From: Mike Rapoport <rppt@kernel.org>
To: Ananda <a.badmaev@clicknet.pro>
Cc: linux-mm@kvack.org, vitaly.wool@konsulko.com, vbabka@suse.cz,
akpm@linux-foundation.org
Subject: Re: [PATCH v3] mm: add ztree - new allocator for use via zpool API
Date: Thu, 10 Mar 2022 12:27:34 +0200 [thread overview]
Message-ID: <YinSlko+wdV3Q6RJ@kernel.org> (raw)
In-Reply-To: <20220307142724.14519-1-a.badmaev@clicknet.pro>
On Mon, Mar 07, 2022 at 05:27:24PM +0300, Ananda wrote:
> From: Ananda Badmaev <a.badmaev@clicknet.pro>
>
> Ztree stores integer number of compressed objects per ztree block.
> These blocks consist of several physical pages (from 1 to 8) and are
> arranged in trees.
> The range from 0 to PAGE_SIZE is divided into the number of intervals
> corresponding to the number of trees and each tree only operates objects of
> size from its interval. Thus the block trees are isolated from each other,
> which makes it possible to simultaneously perform actions with several
> objects from different trees.
> Blocks make it possible to densely arrange objects of various sizes
> resulting in low internal fragmentation. Also this allocator tries to fill
> incomplete blocks instead of adding new ones thus in many cases providing a
> compression ratio substantially higher than z3fold and zbud.
> Apart from greater flexibility, ztree is significantly superior to other
> zpool backends with regard to the worst execution times, thus allowing for
> better response time and real-time characteristics of the whole system.
>
> Signed-off-by: Ananda Badmaev <a.badmaev@clicknet.pro>
> ---
>
> v2: fixed compiler warnings
>
> v3: added documentation and const modifier to struct tree_descr
>
> Documentation/vm/ztree.rst | 104 +++++
> MAINTAINERS | 7 +
> mm/Kconfig | 18 +
> mm/Makefile | 1 +
> mm/ztree.c | 754 +++++++++++++++++++++++++++++++++++++
> 5 files changed, 884 insertions(+)
> create mode 100644 Documentation/vm/ztree.rst
> create mode 100644 mm/ztree.c
There are a lot of style issues, please run scripts/checkpatch.pl.

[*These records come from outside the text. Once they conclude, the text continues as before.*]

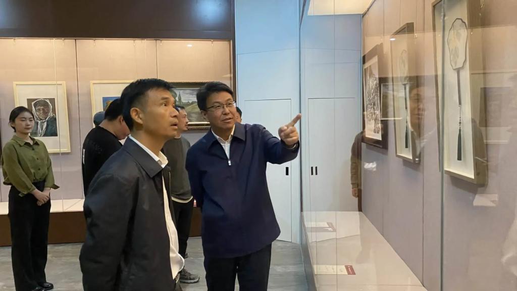 10月20日,云电军一行参观了“奋楫笃行在路上——庆祝新疆生产建设兵团成立70周年美术作品展”,对太阳集团教师联合新疆当地艺术家以美为媒讲好兵团故事,构建各民族共同的精神家园给予充分肯定,鼓励太阳集团师生发挥专业优势促进冀疆文化交流。
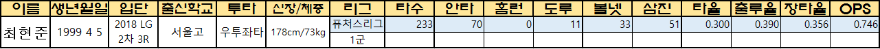| 최현준 | 1999 4 5 | 2018 LG 2차 3R |
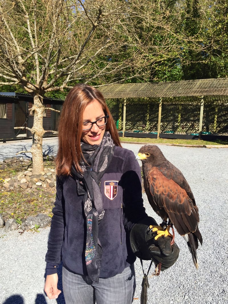First positive point : this is a private activity, meaning that this morning and for 1h30, it was only my husband and I in the company of our instructor who will explain to us the characteristics of these birds while having them fly. We each had a falcon with us and they followed us from tree to tree while we explored the Ashford Castle's park. From time to time, we called them and they would come and sit on our gloves (and fetch the little snack that we gave them in exchange) before flying off.
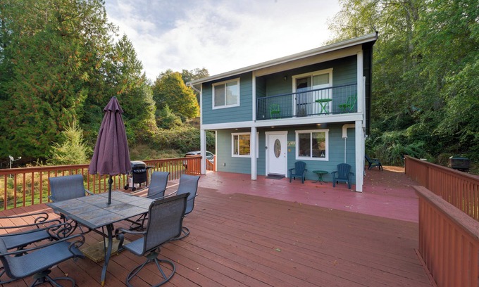 A peaceful island retreat awaits at this Lakebay vacation rental! Nestled on Herron Island, this quaint 1-bedroom, 2-bathroom cabin provides travelers with all of the amenities of home, panoramic views of the Olympic Mountains, and a convenient location to North Beach. Spend magical days kayaking through Puget Sound, sunbathing next to the sea, and fishing only minutes from the house. End each day by relaxing on the spacious deck and watching the wildlife roam in the yard.
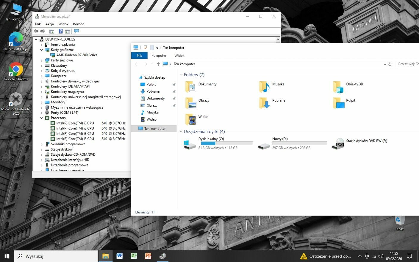 - zainstalowany Office (Word, Excel, Prezentacje)
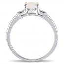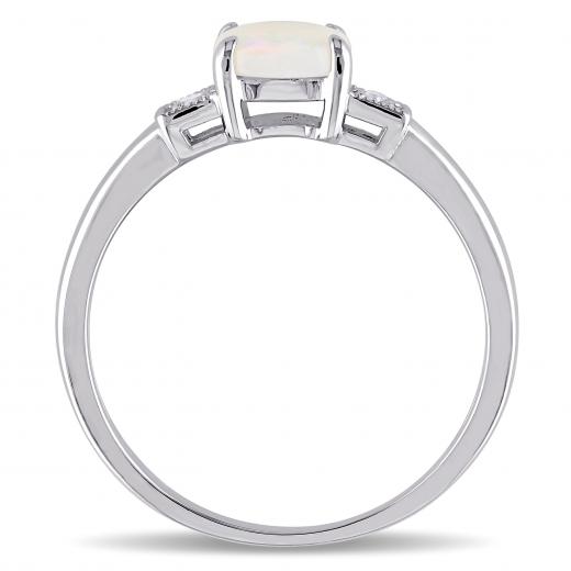 This pretty cocktail ring from the Collection features a cushion cabochon-cut opal center stone flanked by two round white diamonds. This gorgeous ring is set in sterling silver and is enhanced with a miligrain finish.
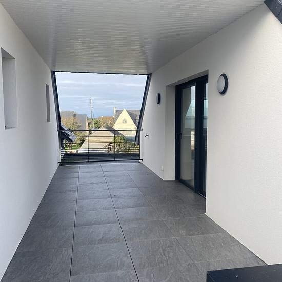 A louer au coeur du bourg de Plouarzel, appartement T2 neuf avec terrasse. Pièce de vie avec cuisine US aménagée, chambre, salle d'eau. Espace extérieur de 18 m2. 1er et dernier étage. Facilité de stationnement. Honoraires de 280 € TTC à la charge du locataire comprenant 130 € TTC pour l'état des lieux. Loyer de base 650 €/mois. Dépôt de garantie 650 €. Non soumis au DPE. Les informations sur les risques auxquels ce bien est exposé sont disponibles sur le site Géorisques : georisques.gouv.fr.
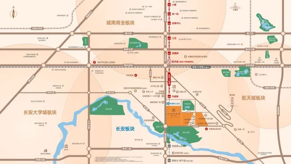 紧邻南长安街与韦曲南商圈,步行到已开通的地铁2号线韦曲南站仅需3分钟左右,乘坐6站即可到达小寨站与3号线换乘去往高新。
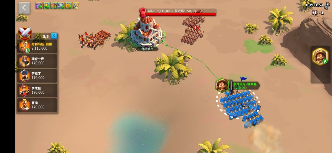 混编部队比单一高阶兵种更实用,比如搭配t4、t3、t2不同等级的士兵。主力队伍推荐使用觉醒孙武搭配贞德,这个组合有不错的生存和回复能力。战斗中如果发现打不过,可以回到上一关重新调整,或者用系统提供的招募单位来扛伤害,为主力争取回血时间。记得随时观察战场情况,灵活调整战术。
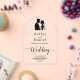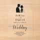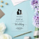 This elegant black-and-white arch acrylic wedding invitation is perfect for a modern wedding. The simple design features elegant black calligraphy and a bride and groom illustration on a clear transparent background. The invitation card includes the wedding details on the back instead of paying for a separate enclosure card.
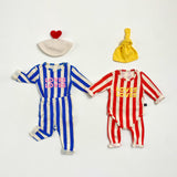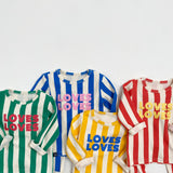 This Pippi loungewear set includes a matching top and pants, designed with bold vertical stripes for a modern, playful look. The top features a charming "LOVES" print in coordinating colors, adding a sweet accent to the set. The vibrant mix of stripes and tones creates a stylish yet relaxed outfit, perfect for everyday wear. Pair it with the Pippi romper set for a coordinated sibling or twin look—an adorable option for both boys and girls.
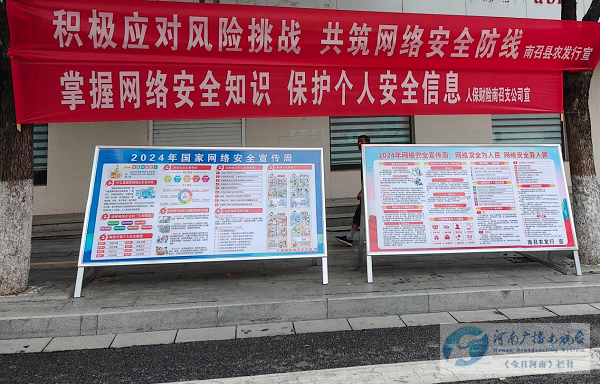 为了深入宣传普及网络安全领域重要法律法规,提高群众网络安全意识,农发行南召县支行紧扣“网络安全为人民,网络安全靠人民”的活动主题,于近日向公众普及金融网络安全知识。
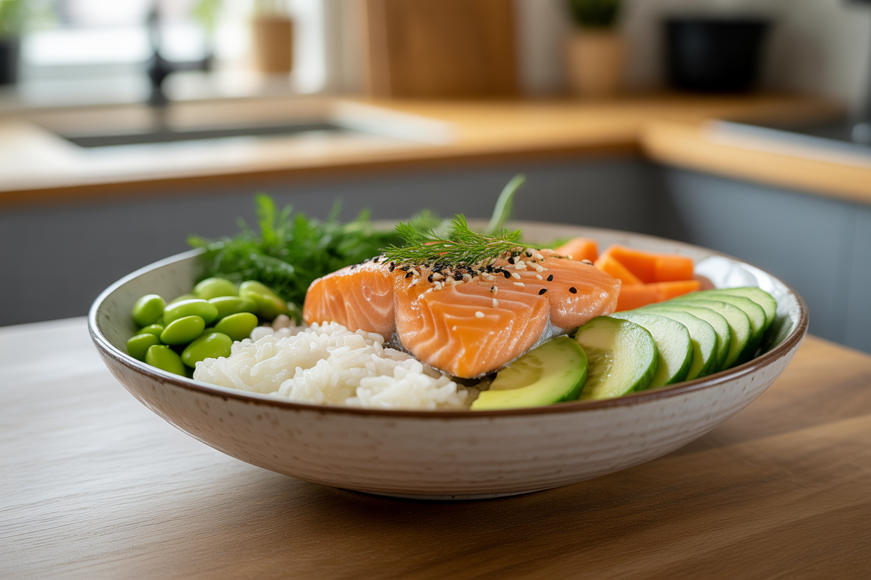 | Salmon Bowls With Rice, Cucumber, and Avocado | 10 min | 12-15 min | 30-35g | Supports recovery, satiety, and more balanced evening energy |
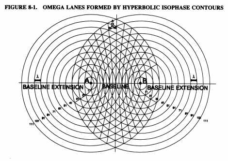 FIGURE 8-1. OMEGA LANES FORMED BY HYPERBOLIC ISOPHASE CONTOURS
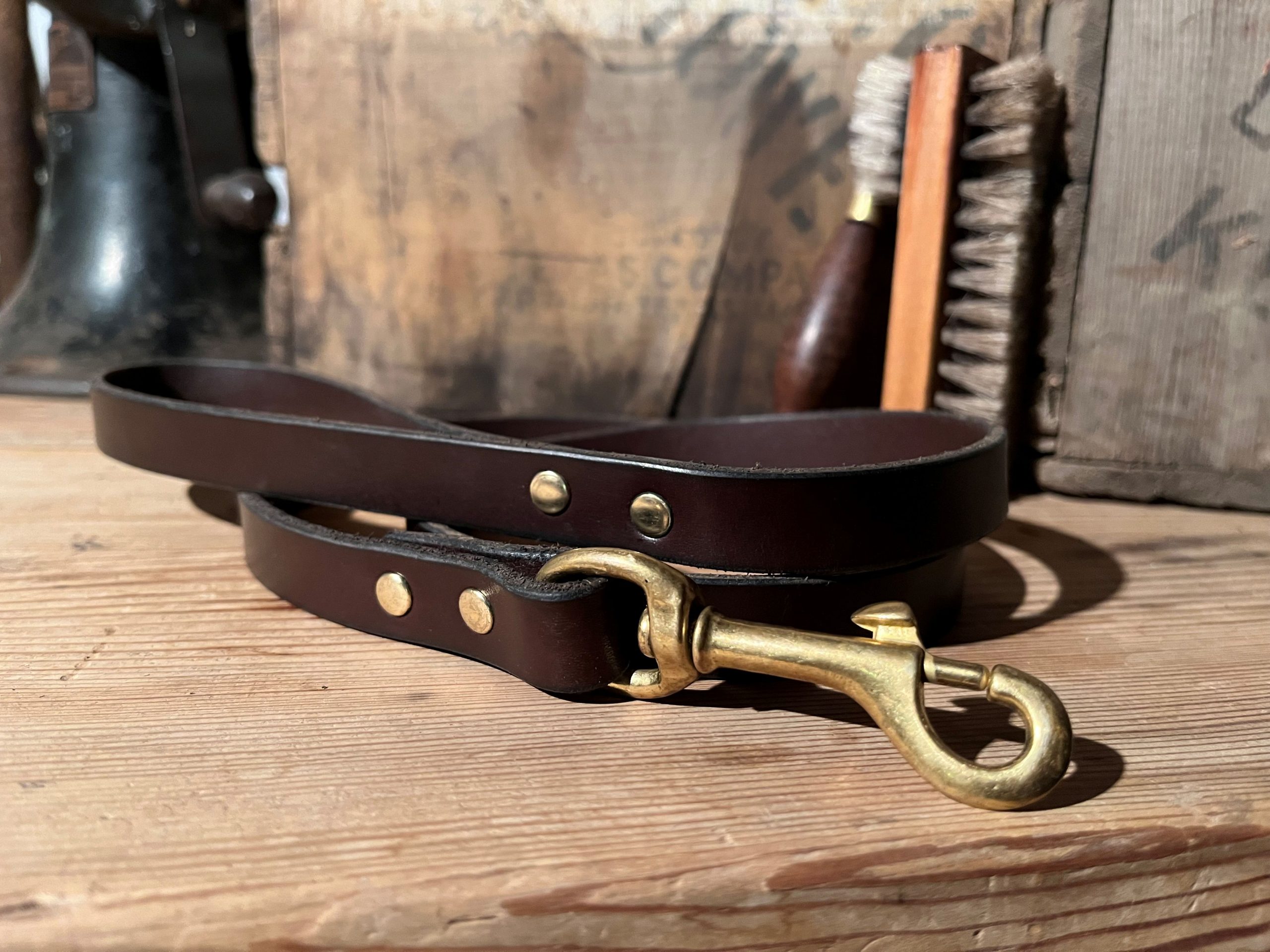 – Brown leather with brass fittings
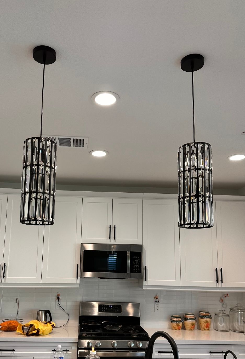 Strike the perfect balance between traditional and modern lighting elements with this Modern Creative Crystal Pendant Light. It features an eclectic blend of industrial and mid-century design, starting off with an array of clear, multi-faceted K9 crystals set within a neatly finished black metal frame. When lit, this piece playfully reflects and refracts light through the eye-catching, rectangular embellishments. A simple, no non-sense pendant light that is sure to take center stage as it hangs, preferably in multiples, over your living room, dining table, or kitchen island. Also looks excellent as a solo piece to dress up small corners.

> diff --git a/Documentation/vm/ztree.rst b/Documentation/vm/ztree.rst
> new file mode 100644
> index 000000000000..78cad0a6d616
> --- /dev/null
> +++ b/Documentation/vm/ztree.rst
> @@ -0,0 +1,104 @@
> +.. _ztree:
> +
> +=====
> +ztree
> +=====
> +
> +Ztree stores integer number of compressed objects per ztree block. These
> +blocks consist of several consecutive physical pages (from 1 to 8) and
> +are arranged in trees. The range from 0 to PAGE_SIZE is divided into the
> +number of intervals corresponding to the number of trees and each tree
> +only operates objects of size from its interval. Thus the block trees are
> +isolated from each other, which makes it possible to simultaneously
> +perform actions with several objects from different trees.
> +
> +Blocks make it possible to densely arrange objects of various sizes
> +resulting in low internal fragmentation. Also this allocator tries to fill
> +incomplete blocks instead of adding new ones thus in many cases providing
> +a compression ratio substantially higher than z3fold and zbud. Apart from
> +greater flexibility, ztree is significantly superior to other zpool
> +backends with regard to the worst execution times, thus allowing for better
> +response time and real-time characteristics of the whole system.
> +
> +Like z3fold and zsmalloc ztree_alloc() does not return a dereferenceable
> +pointer. Instead, it returns an unsigned long handle which encodes actual
> +location of the allocated object.
> +
> +Unlike others ztree works well with objects of various sizes - both highly
> +compressed and poorly compressed including cases where both types are present.
> +
> +Tests
> +=====
I don't think the sections below belong to the Documentation. IMO they are
more suitable to the changelog
> +
> +Test platform
> +-------------
> +
> +Qemu arm64 virtual board with debian 11.
> +
> +Kernel
> +------
> +
> +Linux 5.17-rc6 with ztree and zram over zpool patch. Additionally, counters and
> +time measurements using ktime_get_ns() have been added to ZPOOL API.
> +
> +Tools
> +-----
> +
> +ZRAM disks of size 1000M/1500M/2G, fio 3.25.
> +
> +Test description
> +----------------
> +
> +Run 2 fio scripts in parallel - one with VALUE=50, other with VALUE=70.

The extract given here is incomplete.